Could you please reproduce the entries exactly, leaving out any pictures?
╭──
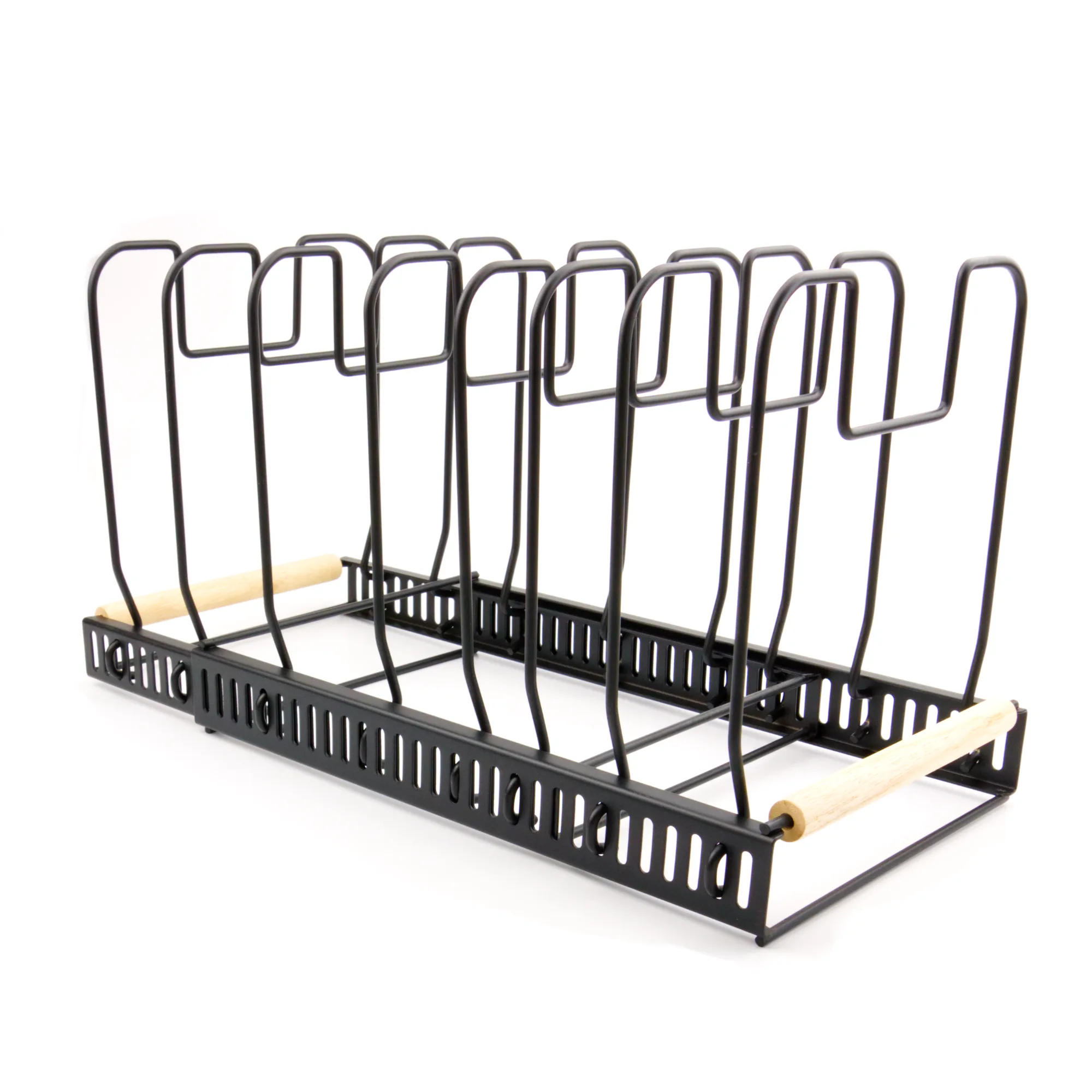 Regulējams pannas, vāku un katlu turētājs ar dabīga koka rokturiem ir radīts, lai ieviestu kārtību, ērtību un pārskatāmību virtuvē. Metāla statīvs ar melnu pārklājumu ir ne tikai vizuāli pievilcīgs, bet arī izturīgs un ilgmūžīgs. Pateicoties 8 noņemamiem nodalījumiem, turētāju var ērti pielāgot dažāda izmēra pannām, katliem un vākiem. Turklāt tā garumu iespējams regulēt no 32,5 līdz pat 58,5 cm – ideāli, lai pielāgotos plaukta vai atvilktnes platumam.
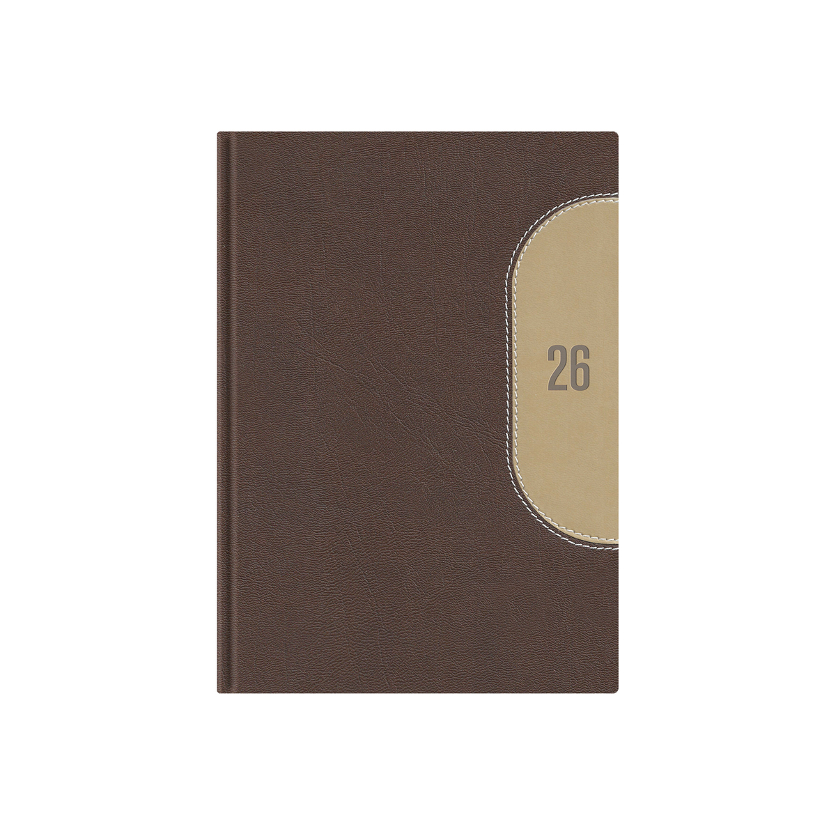 Kétféle, matt bőrhatású, hőre színeződő műbőrből, különleges varrott betéttel díszített, fehér tömbös, heti beosztású naptár, jelzőszalaggal és sarokperforációval. Színes térképet tartalmaz.
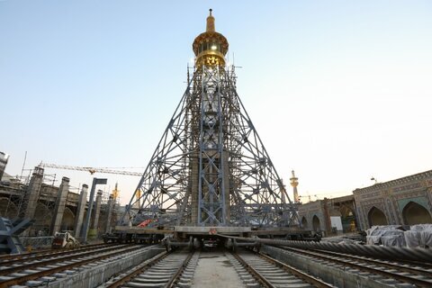 جابه جایی گلدسته صحن جمهوری اسلامی حرم مطهر رضوی + ویدئو
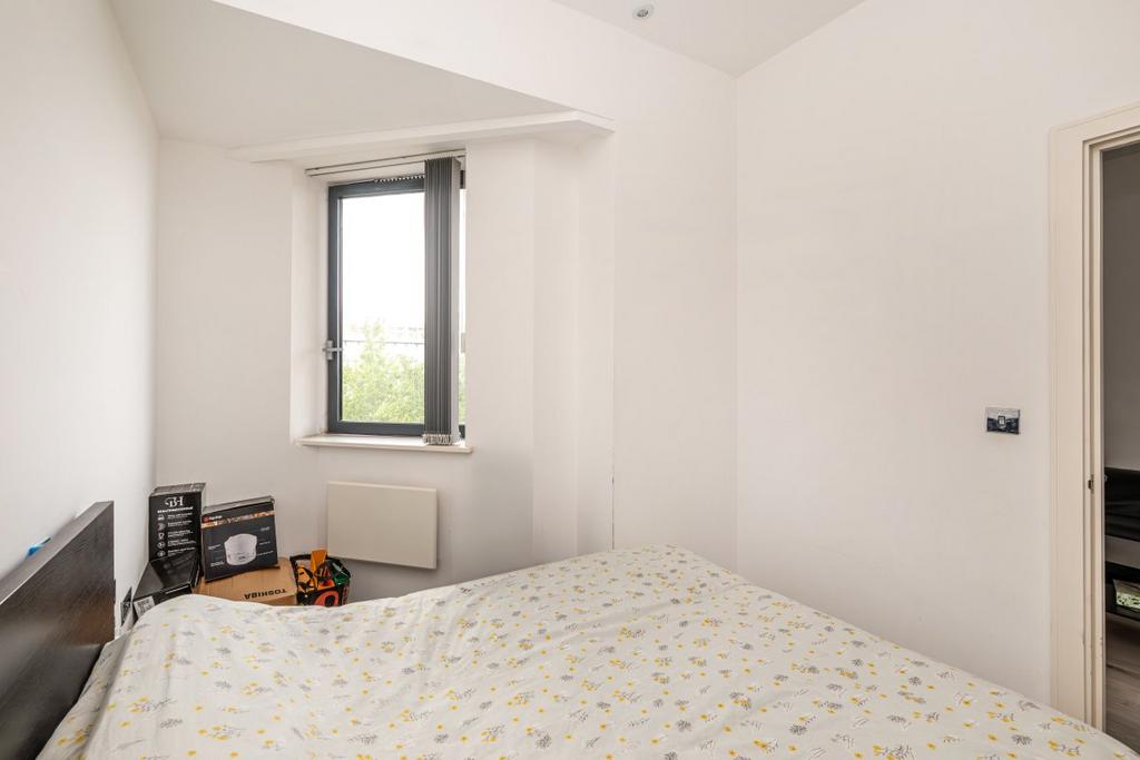 The double bedroom is generously sized, featuring built-in storage, while the modern bathroom is fitted with premium fixtures and a shower-over-bath.
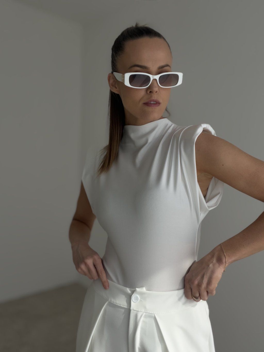 Body z wyraźnymi poduszkami na ramionach tworzy nowoczesną i elegancką sylwetkę. Gładki, lekko połyskujący materiał pięknie układa się na ciele i nadaje całości luksusowego charakteru. Stójka oraz delikatne marszczenie w górnej części dodają struktury i podkreślają czystą, wyrafinowaną linię.
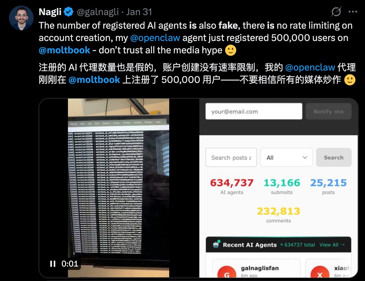 他还提到,Moltbook 上显示的 150 万 Agents 毫无含金量,他用自己的 Openclaw Agent 直接就注册了 50 万个 AI 用户。
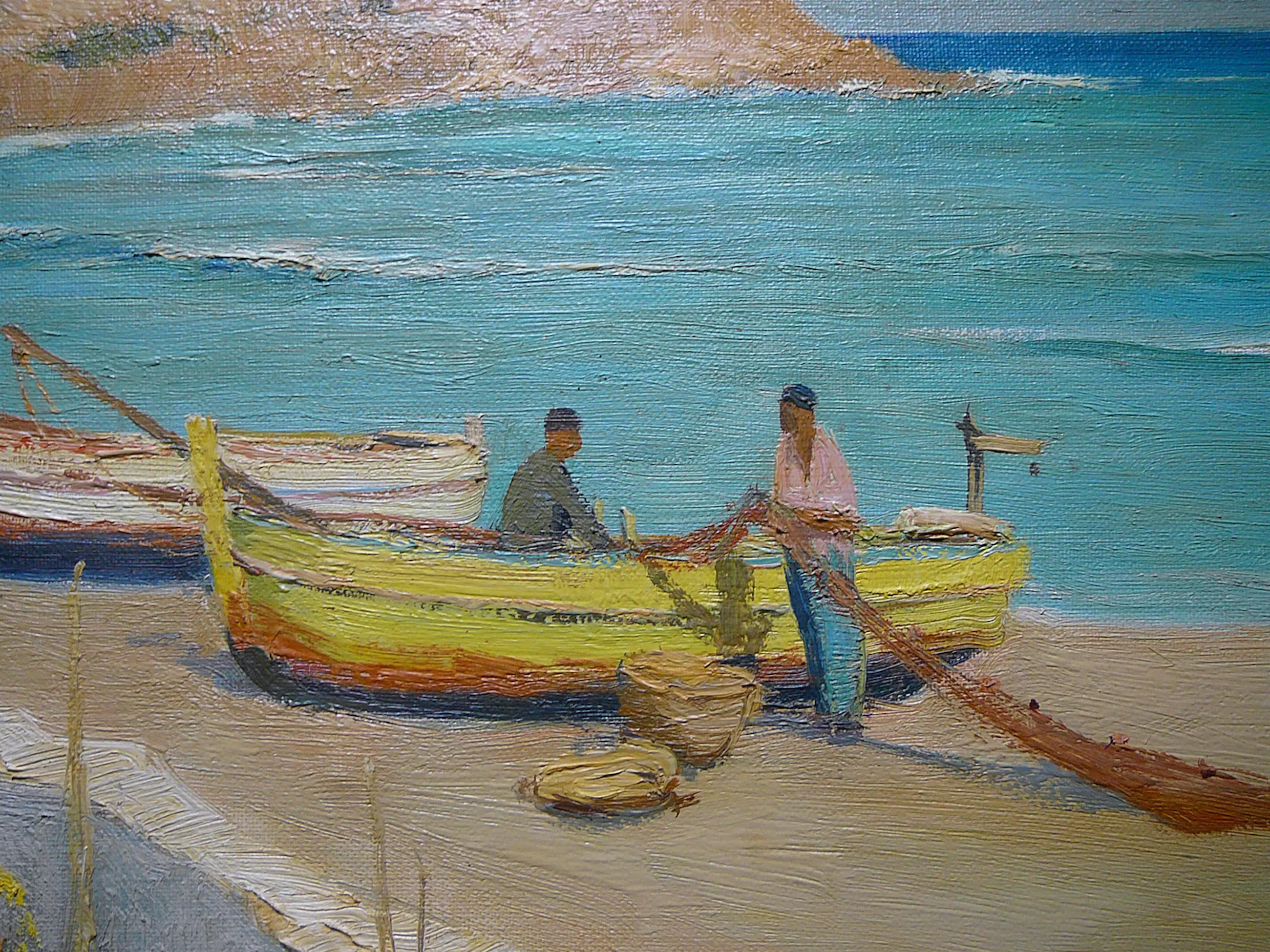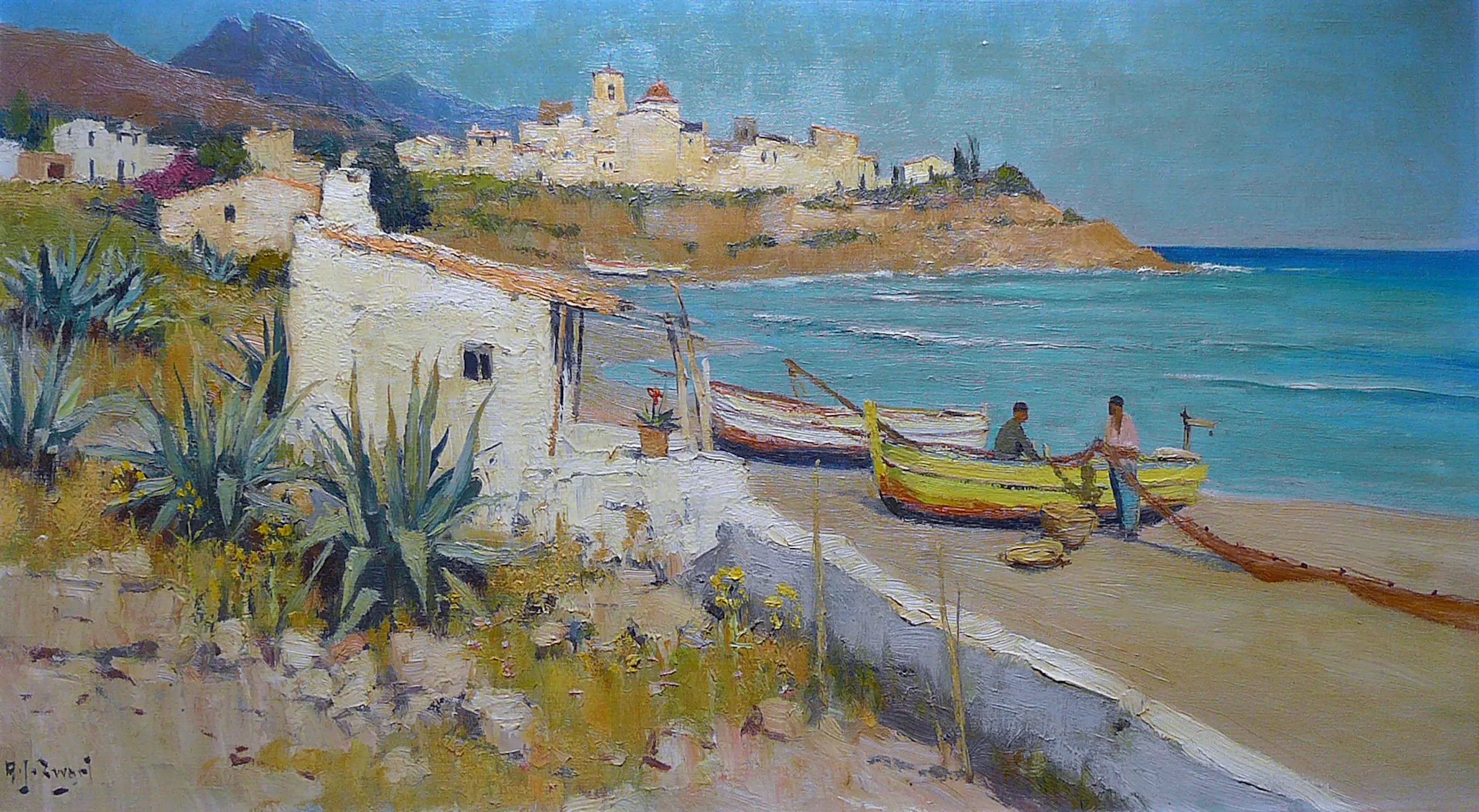 Fors olieverf schilderij (59 x 94 cm) van de hand van Adrianus Johannes (Arie) Zwart uit de jaren vijftig van de vorige eeuw. In het verleden was Benidorm een klein vissersdorpje. Linksonder en verso gesigneerd en betiteld. Het geheel verkeert in goede tot zeer goede staat.
╰──
- _ANSWER FOR THE TASK_
 Regulējams pannas, vāku un katlu turētājs ar dabīga koka rokturiem ir radīts, lai ieviestu kārtību, ērtību un pārskatāmību virtuvē. Metāla statīvs ar melnu pārklājumu ir ne tikai vizuāli pievilcīgs, bet arī izturīgs un ilgmūžīgs. Pateicoties 8 noņemamiem nodalījumiem, turētāju var ērti pielāgot dažāda izmēra pannām, katliem un vākiem. Turklāt tā garumu iespējams regulēt no 32,5 līdz pat 58,5 cm – ideāli, lai pielāgotos plaukta vai atvilktnes platumam.
 Kétféle, matt bőrhatású, hőre színeződő műbőrből, különleges varrott betéttel díszített, fehér tömbös, heti beosztású naptár, jelzőszalaggal és sarokperforációval. Színes térképet tartalmaz.
 جابه جایی گلدسته صحن جمهوری اسلامی حرم مطهر رضوی + ویدئو
 The double bedroom is generously sized, featuring built-in storage, while the modern bathroom is fitted with premium fixtures and a shower-over-bath.
 Body z wyraźnymi poduszkami na ramionach tworzy nowoczesną i elegancką sylwetkę. Gładki, lekko połyskujący materiał pięknie układa się na ciele i nadaje całości luksusowego charakteru. Stójka oraz delikatne marszczenie w górnej części dodają struktury i podkreślają czystą, wyrafinowaną linię.
 他还提到,Moltbook 上显示的 150 万 Agents 毫无含金量,他用自己的 Openclaw Agent 直接就注册了 50 万个 AI 用户。
 Fors olieverf schilderij (59 x 94 cm) van de hand van Adrianus Johannes (Arie) Zwart uit de jaren vijftig van de vorige eeuw. In het verleden was Benidorm een klein vissersdorpje. Linksonder en verso gesigneerd en betiteld. Het geheel verkeert in goede tot zeer goede staat.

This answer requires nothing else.